Zip Bus Chup Raho () was an Urdu weekly drama series which ran on Geo TV. It was a story of a woman named Parveen Un Nisa, who is the mother of Jibi and Taby. Her husband has mysteriously left her a few years back which led her to face many challenges as a single parent. This story unveils how society treats a woman once trapped, especially when a woman without her husband carrying responsibilities of their children.
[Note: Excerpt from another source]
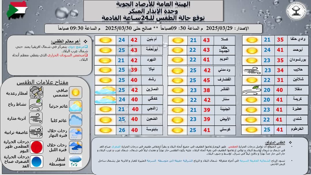 توقعت الهيئة العامة للأرصاد الجوية تواصل إرتفاع درجة الحرارة العظمي ظهر اليوم إرتفاعا طفيف في جميع أنحاء البلاد و يطرأ إنخفاض طفيف في درجات الحرارة الصغري صباح الغد في شمال و شمال أواسط البلاد و توالي إرتفاعها الطفيف في بقية أنحاء البلاد، عليه يكون الطقس حار نهاراً و معتدل ليلاً في شمال، شمال غرب و غرب البلاد و حار الي حار جداً نهاراً و دافئ ليلاً في شرق، اواسط و جنوب البلاد.
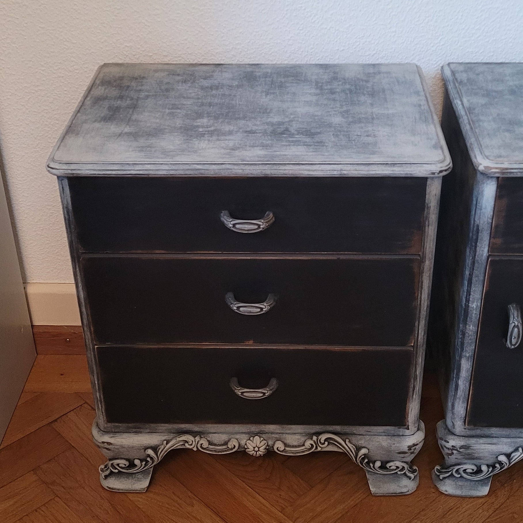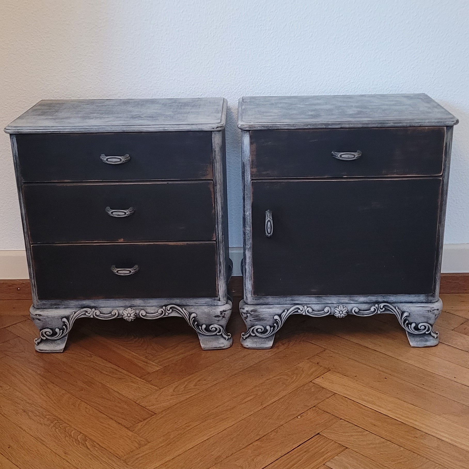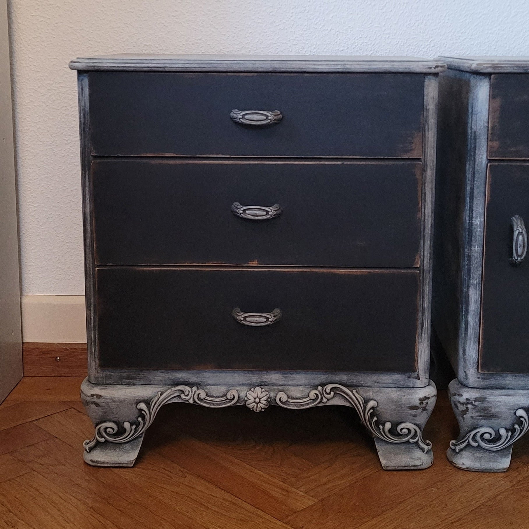 Zwei elegante Nachttische im angesagten Schwarz-Grau-Mix – das Set "Noah" bringt Ruhe ins Schlafzimmer. Mit feinen Ornamenten verziert, schaffen diese Tische eine stilvolle Atmosphäre neben dem Bett. Perfekt für alle, die Funktionalität und Design lieben: ausreichend Platz für Lampe, Buch und Wecker. Ein Hauch von Eleganz, der deinen Schlafbereich aufwertet – ohne dabei zu ernst zu wirken.

Retitled as Tumko Khamosh Rehna Hai, it also aired in India on Zee Zindagi.

Synopsis
"The story is the emotional and traumatic journey of Parveen un Nisa, a woman living in a post modernist society, where individuals are valued on the basis of their skills and their socio-economic achievements. She is not skilled or bright enough to live up to the expectations and demands of such societies. She has always been a housewife with a son and daughter who are very demanding. Her husband could not cope the needs and demands of life and escapes. Naïve Parveen does not know much about the dynamics of vicious social structure around her and starts getting exploited by a woman named Gypsy. Gypsy is basically the bad side of patriarchal system, a kind of a woman who serves men at the expense of exploiting women like Parveen and reinforcing the status quo. She transforms Parveen into Paro. Parveen has never been happy being Paro, the good woman inside her keeps asserting, nonetheless it is not easy to get out of such clutches. Will Parveen be able to break the shackles and set herself free? Or her family and her familial problems will continue bogging this woman down?"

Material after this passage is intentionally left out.